> Exercise brief
Nothing but the lines below from the one with "Resumen de las" through the one with "一直以來,浙江省常山縣充分挖" should be output, each exactly as given, and no pictures.

> Raw data
Start of Block

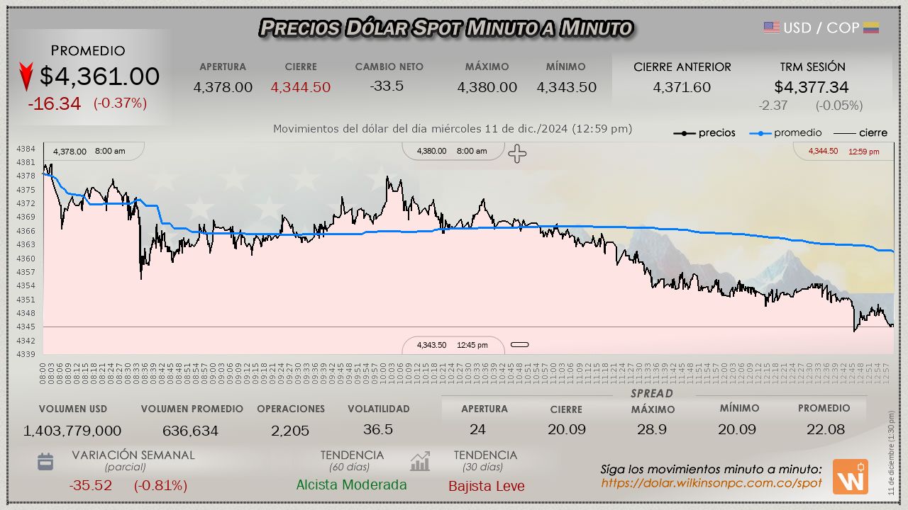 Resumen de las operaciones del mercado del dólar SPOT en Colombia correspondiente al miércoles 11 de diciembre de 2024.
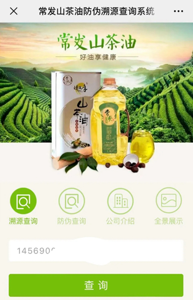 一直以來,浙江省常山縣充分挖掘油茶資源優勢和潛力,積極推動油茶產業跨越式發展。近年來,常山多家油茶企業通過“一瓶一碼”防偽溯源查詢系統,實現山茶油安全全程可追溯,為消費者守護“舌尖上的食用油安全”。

End of Block
Start of Block

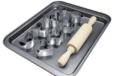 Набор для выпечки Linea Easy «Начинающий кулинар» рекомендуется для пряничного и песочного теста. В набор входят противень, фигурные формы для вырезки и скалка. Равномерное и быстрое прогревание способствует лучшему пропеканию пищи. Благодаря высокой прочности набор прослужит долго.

End of Block

> Output of the exercise
 Resumen de las operaciones del mercado del dólar SPOT en Colombia correspondiente al miércoles 11 de diciembre de 2024.
 一直以來,浙江省常山縣充分挖掘油茶資源優勢和潛力,積極推動油茶產業跨越式發展。近年來,常山多家油茶企業通過“一瓶一碼”防偽溯源查詢系統,實現山茶油安全全程可追溯,為消費者守護“舌尖上的食用油安全”。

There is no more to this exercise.